Album Of The Year - The Beatles (The White Album)
The great thing about the 50th anniversary re-mastering/re-working/box set thingy of The Beatles – forever known, albeit unofficially, as The White Album – is not Giles Martin’s splendidly vigorous remastering of the amazing collection of the 30 songs from the original album. Nor is it his painstaking trawl through the archives to offer up 50 outtakes – including non-album tracks of the era, such as Across The Universe and McCartney’s first ever performance of Hey Jude.

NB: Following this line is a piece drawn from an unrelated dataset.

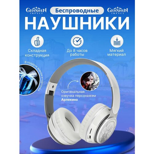 Беспроводные Bluetooth наушники Genshin Impact Геншин Импакт Арлекино с микрофоном, блютуз гарнитура для телефона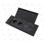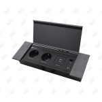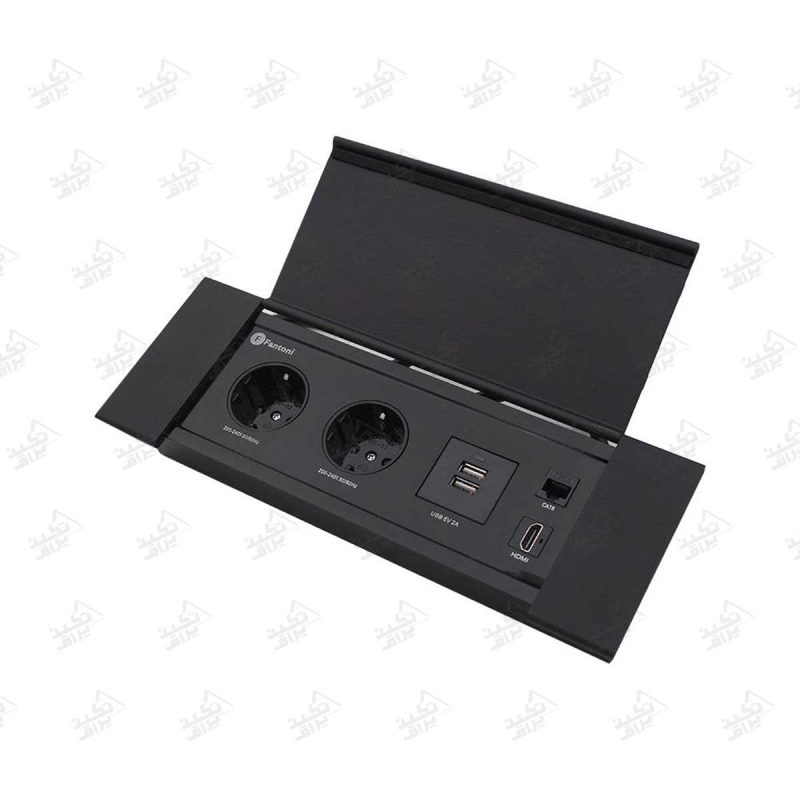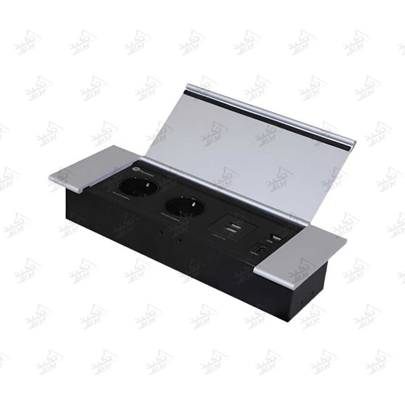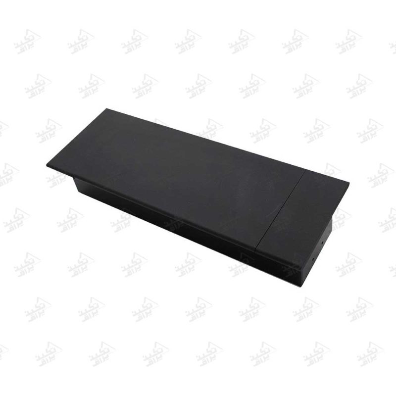 درب این پریز به صورت لولایی طراحی شده است و پس از بسته شدن، کاملاً با سطح میز یا کابینت همسطح میشود. جنس درب از آلومینیوم با پوشش الکترواستاتیک است که در برابر خط و خش، سایش و تغییر رنگ مقاومت بالایی دارد. بدنه اصلی پریز درپوش توکار نیز از ورق فولاد مشکی ساخته شده که استحکام فوقالعادهای به آن میبخشد.

It is, simply, the official release of the Esher Demos – the post-India trip sound of the Fab Four holed up in George’s house and working on their songs that soon be forever White. Whilst the album has always been thought of as four men working on their own stuff in their own way, their most divisive and divided work in other words, the Esher tapes show them as much a band as they ever were. These are the sounds of four friends working on each other’s new material, helping each other to find the best in themselves and their work, and more than anything, just having each other’s backs. Against the world. It is the sound of a still strong friendship in the midst of a chaotic world only the four of them ever experienced. And, as such, is a million miles away from the fractious images we would see a few months later in the Let It Be movie.
It is a series of delights and in many ways a total revelation for this period of Fab-lore.
And, courtesy of Martin’s subtle remoulding, the whole thing feels so fresh, that it sounds like it could have been recorded yesterday.
Which of course it couldn’t – because yesterday was really boring.